CareerCup

public static long calculate(int n){
    int sum = 0;
    for(int i=1, factorial=1, sign=1; i <= n; i++, factorial*=i, sign*=-1)
  	  sum += sign*factorial;
    return sum;
  }

Swift

///func factorial(n:Int, result:Int = 1)->Int {
///    if n < 1 { return result }
///    return factorial(n - 1, result: result * n)
///}

///func nfactorial(n:Int, result:Int = 0)->Int {
///    if n < 1 { return result }
///    return nfactorial(n - 1, result: factorial(n) + result)
///}

nfactorial(5) // 153



// I did read the problem wrong.
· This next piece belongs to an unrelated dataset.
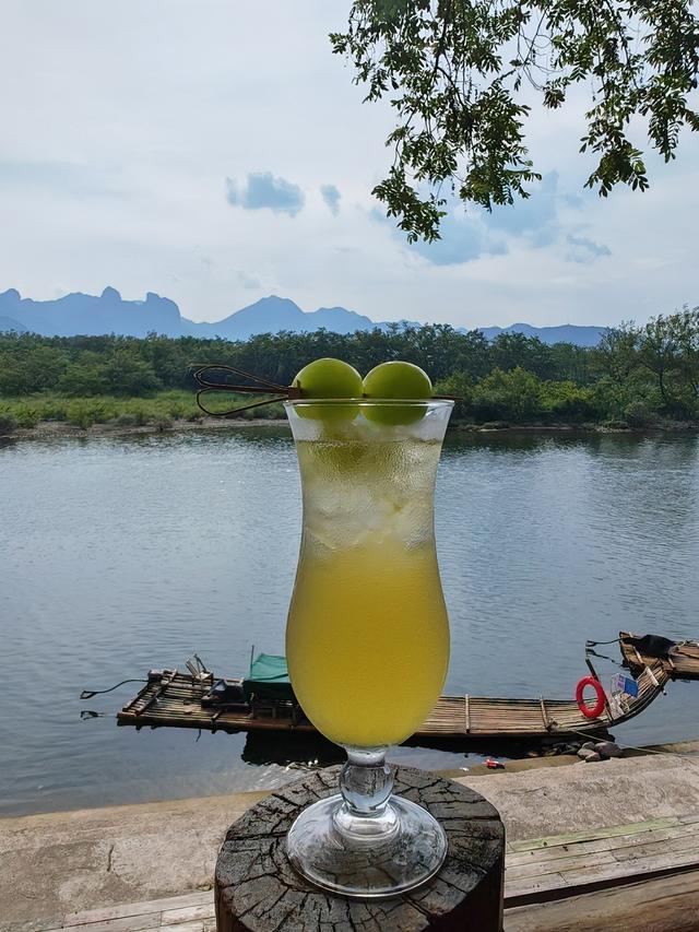 向高铁站方向行进,途中遇见一处漂流区域,旁边可见茶饮店标识,于是选择在此稍作停留再前往高铁站。在茶饮店点购了咖啡饮品,把杯子放置在栏杆旁边,利用溪流、竹筏以及远山作为背景拍照留念,不少摄影人士因此增添了新的拍摄题材。利用这个空档,队伍里操控无人机的人也借助无人机视角前往上游勘察,沿途江水清澈透亮,如同美玉般温润,沿途风光绝佳。

Need new glasses. Thanks!

func factorial(n:Int, result:Int = 1)->Int {
    if n < 1 { return result }
    return factorial(n - 1, result: result * n)
}

func nfactorial(n:Int, val:Int = 1, result:Int = 0)->Int {
    if val > n { return result }
    let f = factorial(val)
    let m = val % 2 == 0 ? (result - f) : (result + f)
    return nfactorial(n, val:val + 1, result:m)
}

Observation:
As there are only 3 elements of series it's hard to assume anything. But if the assumption of deducting even factorial from the previous odd factorial.
here is the solution with O(1) space and O(n) time

def fancyFactorial(n):
    
    n1fact = 1
    result = 1
    if n <= 1:
        return n1fact
    
    i = 2
    while i <= n:
        n1fact = n1fact * i
        if i % 2 == 0:
            result = result - n1fact
        else:
            result = result + n1fact
        i += 1
    
    return result

'use strict';

function compute(n) {
    if (n <= 1) return 1;
    let factorial = 1;
    let result = 0;

    for (let i = 1; i <= n; i++) {
        factorial = factorial * i;
        if (i % 2 == 0) {
            result = result - factorial;
        }
        else {
            result = result + factorial;
        }
    }

    return result;
}

Swift 2.2. Doesn't account for overflow.

func sumOfFactorialsTo(n: Int)-> Int {
    var result = 0
    var factorial = 1
    for i in 1 ... n {
        factorial *= i
        result += (i % 2 == 0 ? -1 : 1) * factorial
        
    }
    return result
    
}

// return 1! - 2! + 3! - 4!... n!
	public static int calculate(int n) { 
	  int []factorial = new int[n];
	  factorial[0] = 1; //1!

	  int result = factorial[0];
	  for(int i=2;i<=n;i++) { // i = 1
	      factorial [i-1] = factorial[i - 2] * i;
	      if(n % 2 == 0) {
	        result -= factorial[i-1];
	      } else {
	        result += factorial[i-1];
	      }
	  }
	  return result;
	}

Time Complexity : O(n) for iterations, O(1) - constant access for array
Space Complexity : Additional space of size n

public static int getFactorialSum(int n){
		
		if(n == 1) return 1;
		
		int factorial = 1;
		int cummlativeSum = 0;
		for(int j = 1; j <=n; j++){
			factorial = factorial * j;
			if(j % 2 != 0) cummlativeSum = cummlativeSum - factorial;
			cummlativeSum = cummlativeSum + factorial;
		}
		return cummlativeSum;
	}

Calculates the new Factorial in every iteration

public int Calculate(int n)
{
	int total = 0;
	int fact = -1;
	
	for (int i=1; i <=n; i++)
	{
		fact *= -i;
		total += fact;
	}
	
	return total;
}